We finally saw our social worker Megan, who was supposed to see us yesterday. Turned out she works part time and yesterday was her day off. We had a large number of questions for Megan, and she was most impressed that we had made a list of things to ask her. We feel a bit better about a few things now that we have spoken with Megan.

One of the lovely mothers from Mothers Group works at the adult hospital next door to where we are, so she came by for a visit. She brought us the most delicious muffins and it was really lovely to see another friendly face. Speaking of Mothers Group, they had some gifts sent to Sean for his birthday this afternoon. Sean is now the proud owner of the most gorgeous blue heeler called Bluey, so soft and fluffy, and Rupert the Frog who makes a noise when you push his back. There was also a book and a green wand that makes a whirring noise when you tip it from end to end. Sean loved his Thomas the tank engine balloon the best, and those wonderful ladies even got chocolates for me and Jonathan. So thoughtful and unexpected. We are so lucky to have great friends.

We had a moment tonight, when we were shovelling our dinners into our mouths while Sean was cruising / walking around in his cot. Sean was laughing and making funny cheeky faces at us, just like he did before he got sick. Jonathan and I looked at each other and both got teary. We were thrilled to see our happy boy again, who looks so well and healthy, but the sadness of knowing he is so sick made it all very bittersweet.

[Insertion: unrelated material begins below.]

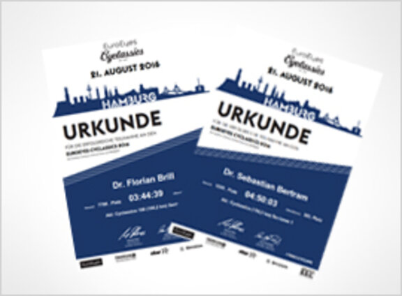 Dies sind die Zeiten, nach denen am 21. August 2016 Dr. Sebastian Bertram und Dr. Florian Brill und bei den Cyclassics in Hamburg die Ziellinie überquerten. Beide Fahrer gingen auf ihren jeweiligen Distanzen das allererste Mal an den Start (154,3 km Dr. Bertram / 100,2 km Dr. Brill). Bei guten Bedingungen - kein Regen, nicht zu viel Wind - konnten die neuen Herausforderungen auf Anhieb gemeistert werden.

We have a big day tomorrow, with all 3 of us needing to have blood taken for tests. Blood from Jonathan is for the bone marrow compatibility screening, and blood from me will test for the mutant gene as well as the screening. Dr Gray has lined up a special doctor in the US to talk to us about future treatment for Sean, and this doctor will call hopefully tomorrow or Friday at 9am our time.

We have been told we won't be going home before Tuesday next week. I am really missing home, and can't wait to be home with my little family and have a good cuddle in our bed. Jonathan is really missing us at night, but he is at least getting to sleep through the night again.

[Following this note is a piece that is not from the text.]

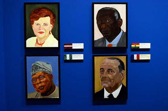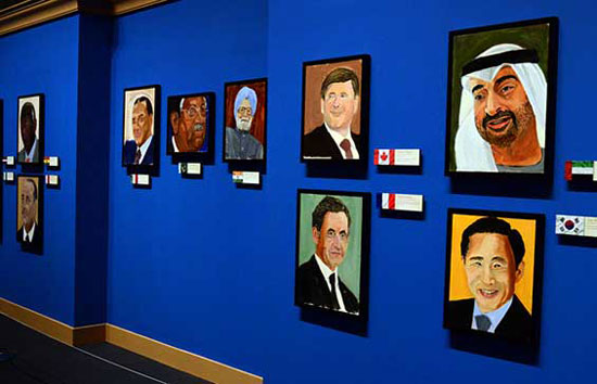 ويتضمن العمل الفني لوحات لرئيس الوزراء البريطاني السابق توني بلير والرئيس الروسي فلاديمير بوتين، والرئيس الأفغاني حامد كرزاي والدالاي لاما، والشيخ محمد بن زايد آل نهيان، وغيرهم.

Until we get definitive results, I've been busy reading up on Sean's condition on the Internet. It all looks quite grim, but we are hopeful that we will be fine and Sean will have a long and happy and full life.

Hope the packing is going well. Can't believe you are finally moving - seems unreal but hip hip hooray! We had wanted to Skype with you before you moved, but alas, we don't have the facility to do that here. Jonathan and I both have Skype on our phones but we don't have wireless Internet connection that will support a call. Oh well, we'll just have to make up for it once we're home and you're settled in at Taieri Mouth.

We'll keep you posted as we get more results.